= Auxilius of Naples =

Auxilius of Naples (which has been considered a pseudonym (Note: According to Hefele.)) was an ecclesiastical writer. To him are attributed a series of writings (Note: Migne, Patrologia Latina, CXXIX, 1054 sqq.) that deal with the controversies concerning the succession and fate of Pope Formosus (891–896), and especially the validity of the orders conferred by him. Auxilius was a Frank, who was ordained a priest, or perhaps only a deacon, in Rome by Formosus, and lived later in southern Italy, apparently at Naples.

== Context ==
After the successor of Formosus, Pope Boniface VI, had ruled only fifteen days, Pope Stephen VI (properly VII), one of the adherents of the party of the Duke of Spoleto, was raised to the Papal Chair. Stephen not only abused the memory of Formosus but also treated his body with indignity.

Stephen was strangled in prison in the summer of 897, and the six following popes (to May 904) owed their elevation to the struggles of the political parties. Christophorus, the last of them, was overthrown by Pope Sergius III (May, 904-August, 911). Sergius had been a partisan of Stephen VI, and like the latter regarded the elevation of Formosus to the papacy as illegal and the orders conferred by him as null and void.

== Works ==
Auxilius was a follower of Formosus, and in several works composed about 908-911, he made a courageous and learned defence, both of Formosus and of the validity of his orders and those of his adherents. Morinus was the first to publish two of these writings in his "De ecclesiasticis ordinationibus" (Paris, 1665). They are entitled, "Libellus de ordinationibus a papâ Formoso factis", and "Tractatus qui Infensor et Defensor dicitur".

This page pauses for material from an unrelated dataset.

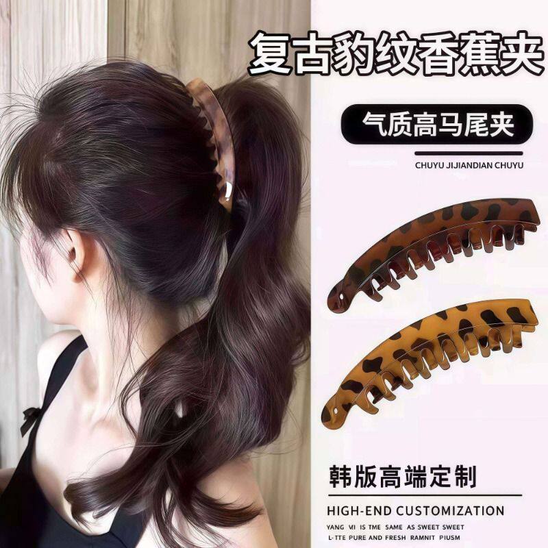 豹纹香蕉夹发夹女2026新款高级感气质扭扭夹竖夹后脑勺高马尾抓夹

A third work of Auxilius, of similar import, was found by Mabillon and published by him under the title, "Libellus super causâ et negatio Formosi papæ", in his "Vetera Analecta". In his "Auxilius und Vulgarius", quoted below, Ernst Dümmler published from a Bamberg manuscript two further writings of Auxilius, one of which is known as "In defensionem sacræ ordinationis papæ Formosi libellus prior et posterior", while the other bears in the manuscript itself the title: "Libellus in defensionem Stephani episcopi et præfatæ ordinationis". (Stephen, Bishop of Naples had been consecrated by Pope Formosus.)

Still another treatise of an unknown author on behalf of Formosus, published by Bianchini in his edition of the Liber Pontificalis (1735, IV) is considered by Joseph Hergenröther (Note: Photius, II, 370, 373, note 9.) to be an extract from the writings of Auxilius, while Dümmler attributes it to Eugenius Vulgarius, an Italian priest and a defender of Formosus. Two other compositions of Eugenius Vulgarius are known: De causâ Formosianâ, and Eugenius Vulgarius Petro Diacono fratri et amico.

All these writings take the position that the orders conferred by sinful and excommunicated bishops are not in themselves invalid. In a necrology of the Abbey of Monte Cassino is noted on 25 January the death of an Auxilius, deacon and monk, author of a commentary on Genesis. (Note: Mai, Spicilegium Romanum, IX, Appendix; cf. Mabillon, Ann. Ord. S. Benedicti, III, 325.) This Auxilius may possibly be the author of the works described above.